Monday , December 23, 2024

Court Strikes Down Debit Pricing And Routing Rules, Orders Fed ‘Back to Drawing Board’

In one of the most dramatic developments of the year in the electronic-payments business, a federal judge on Wednesday struck down the Federal Reserve Board’s pricing and routing rules for debit card transactions, arguing the banking regulator misinterpreted federal law.

The rules, which implemented the Durbin Amendment to the 2010 Dodd-Frank Act, have been in effect for more than a year and rose out of one of the most contentious lobbying efforts ever seen in the payments industry. Now the once-settled issues of interchange caps and transaction-routing choice for merchants have been thrown into a cocked hat.

“Whether people like or don’t like Durbin, everyone has adjusted to the current status quo,” says Tony Hayes, a debit expert and partner at Oliver Wyman, a Boston-based consultancy. “To have this thrown wide open again is going to create upheaval.  It’s a massive change.”

In a stinging 58-page opinion, Judge Richard J. Leon of the U.S. District Court for the District of Columbia said the Fed misread the Durbin Amendment’s clear language in crafting its debit-interchange limit of 21 cents plus 0.05%, plus a penny allowed for fraud losses. That rule took effect in October 2011. The Fed’s routing rule, which requires at least two unaffiliated networks for each card, also violates the intent of the law, Leon said, arguing that the statute requires that each transaction offer at least two networks for each authentication method, PIN or signature. The Fed’s routing regulation took effect in April of last year.

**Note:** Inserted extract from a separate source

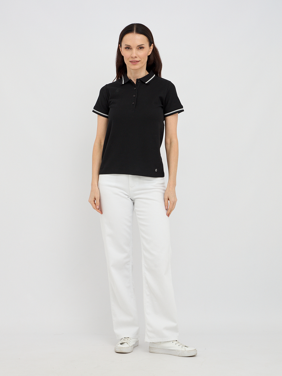 Дизайн поло отличается классическим, но в то же время изысканным видом, который никогда не выходит из моды. Контрастная окантовка по воротнику и манжетам придает изделию стильный акцент и визуально подчеркивает утонченность линий. Этот элемент дизайна добавляет нотку спортивной элегантности, делая поло универсальной вещью в вашем гардеробе. Прямой крой выгодно подчеркнет достоинства фигуры, создавая женственный и аккуратный силуэт. Пуговицы на планке аккуратно вписываются в общий дизайн, добавляя практичности и завершенности образу.

In vacating the existing debit-interchange ceiling and routing rule, Leon issued a stay of his order to give the Fed time to rewrite its regulations. He also invited briefs on how long the stay should be and whether the current rules should remain in effect until the Fed devises new ones. A status conference on these matters is set for Aug. 14.

A Fed spokesperson did not immediately return a call seeking comment on the decision.

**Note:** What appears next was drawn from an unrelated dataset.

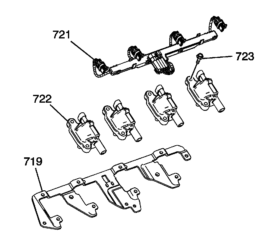 6. Install the ignition coils (722), wire harness (721), and bolts (723) to the bracket (719). Tighten the ignition coil bolts to 10 Nm (89 lb in).

Groups representing merchant interests were jubilant. “Today\’s decision is a victory for small businesses and consumers across the country,” said the Merchants Payments Coalition, a merchant group formed to lobby on interchange issues, in a statement. “The court has told the Federal Reserve to go back to the drawing board on debit card swipe fees to make sure the fees are reasonable and proportional to what it costs banks to process debit transactions.”

Mallory Duncan, senior vice president and general counsel for The National Retail Federation, one of six merchants and merchant groups whose November 2011 lawsuit against the Fed led to Wednesday’s decision, said the Fed had failed to carry out the will of Congress. “The court rightly ruled against them as a result,” he said in a statement. “Today’s decision is the first step in setting these initial wrongs right and will ensure that swipe-fee reform is done correctly.”

Besides the NRF, the other five plaintiffs in the case are: NACS (a trade group for convenience stores); the Food Marketing Institute; Miller Oil Co.; Boscov’s Department Store LLC; and the National Restaurant Association.

A coalition of financial-institution trade groups, meanwhile, blasted Leon’s opinion, arguing it will benefit retailers at the expense of consumers. “This is an extraordinary decision that will have major repercussions for customers of both small and large financial institutions,” said coalition spokesman Chris Matthews, in a statement. “The Fed’s rule was already causing consumer harm and now it looks like it will only get worse.”

The coalition includes Credit Union National Association; Independent Community Bankers of America; National Association of Federal Credit Unions; National Bankers Association; Midsize Bank Coalition of America; Consumer Bankers Association; The Clearing House Association; American Bankers Association; and The Financial Services Roundtable.

While Judge Leon’s verdict came as a surprise to observers accustomed to courts granting wide latitude to regulators in how they read the law, attorneys representing merchant interests say in this case the Fed had strayed too far from the intent of the Durbin Amendment. “Although agencies have discretion to interpret the law, they can’t depart from the law,” Doug Cantor, counsel for the MPC, tells Digital Transactions News.

Indeed, Leon’s opinion offers one blunt assessment after another of how the judge saw the Fed veering away from the intent of the law. On the matter of interchange caps, for example, he charges the Fed with allowing too many extraneous costs in setting its cap: “Accordingly, I find that the text and structure of the Durbin Amendment…are clear with regard to what costs the Board may consider in setting the interchange fee standard: Incremental [authorization, clearing, and settlement] costs of individual transactions incurred by issuers may be considered. That’s it!”

On the routing question, the opinion issues a sharp rebuke: “The Board\’s Final Rule not only fails to carry out Congress’s intention; it effectively countermands it!”